Why LinkedIn is not the place to sellIn a recent LinkedIn group discussion this question was raised…

How can we leverage LinkedIn to sell more without being salesy or spammy?

It would seem there is a very wide range of answers to the question indeed.

We are all bombarded with emails, often poorly targeted, which claim to offer us the ‘best deal’ in the world. My expectation on LinkedIn is far less tolerant of such communication.

For example, if I see this type of message (purporting to be a discussion) in a group – I will likely leave the group.

However, we might also acknowledge that apart from the many other benefits of being active on LinkedIn, such as knowledge sharing, showcasing your experience and undertaking market research for example, LinkedIn is undoubtedly a place to do business, and therefore to sell.

Or is it?

Here is my take.

There is no ‘Buy’ button on LinkedIn. The sale will always be done somewhere else, most often face to face in the world of business to business. So just how sales-orientated is it okay to be on LinkedIn?

I would say ‘not very’ – at least not until you’ve done your research and are very sure that your prospect has a high likelihood of being interested, at some point, in your product or service.

Here are some useful tips I took from the debate (and have added a few of my own…)

*  Understand the new culture – selling through social media is, well, different

*  Start with a complete and inbound optimised LinkedIn profile

*  Think of prospect clients as units on one, not one to many

*  See yourself as someone knowledgeable in your field and share – they will come to you

*  Be genuine, honest and help others, at all times

*  Give to get – be a resource people will seek out

*  Never pitch – tell your story through example

*  Make connections, but stay engaged until the time comes when an opening arises

*  Explain why, in a personalised connection request, you wish to connect

*  Get into your prospects peripheral vision.
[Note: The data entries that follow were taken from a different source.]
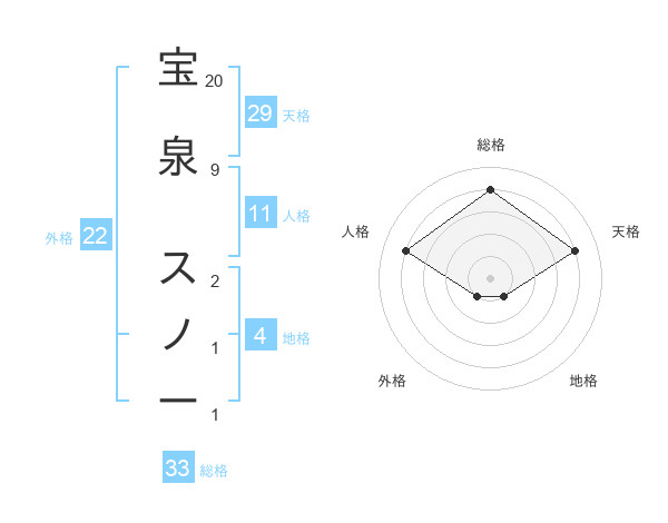 宝泉 スノーさんの総格は33画の4点!
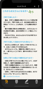 お父さんのための子育て応援アプリ 「子育てハンドブック」配信中です! |
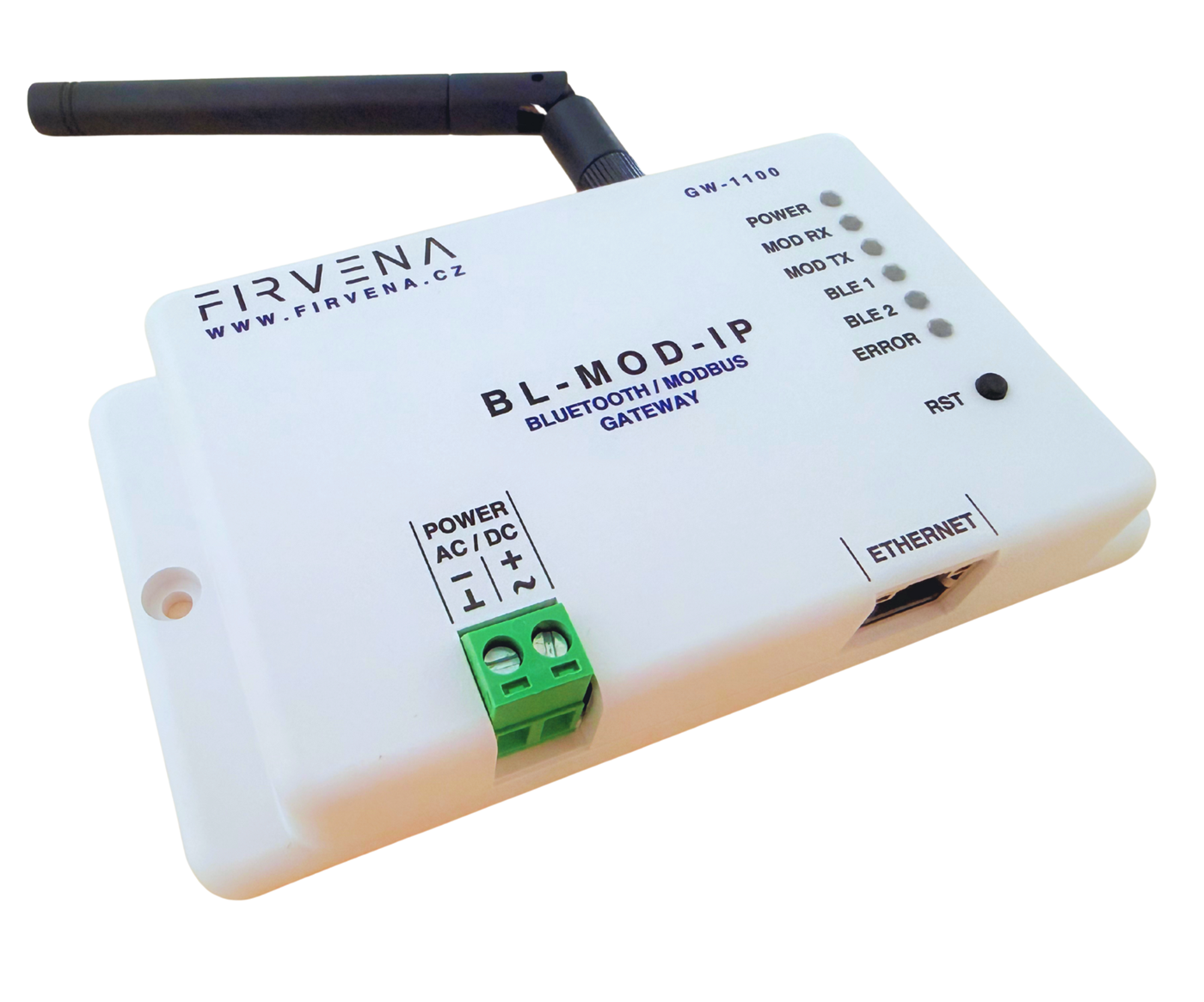 BL-MOD-IP is a communication gateway for Bluetooth Low Energy (BLE) wireless sensors, designed for reliable data acquisition and seamless integration into higher-level systems. It efficiently collects data from RUUVI Bluetooth sensors and transmits it via the standard Modbus TCP/IP protocol, ensuring easy integration into industrial control systems and building automation applications.

Join common groups, be in the conversation, add your opinion – respectfully

*  Prepare thoroughly

*  Have good examples ready to demonstrate how you can help others with their problem

*  Listen, listen, listen

*  Attract – then engage

*  Take the conversation off LinkedIn at the earliest opportunity

The bottom line may very well be sales-orientated, but beware trying to close the sale too soon on LinkedIn. This is the place to start the conversation, not close the deal.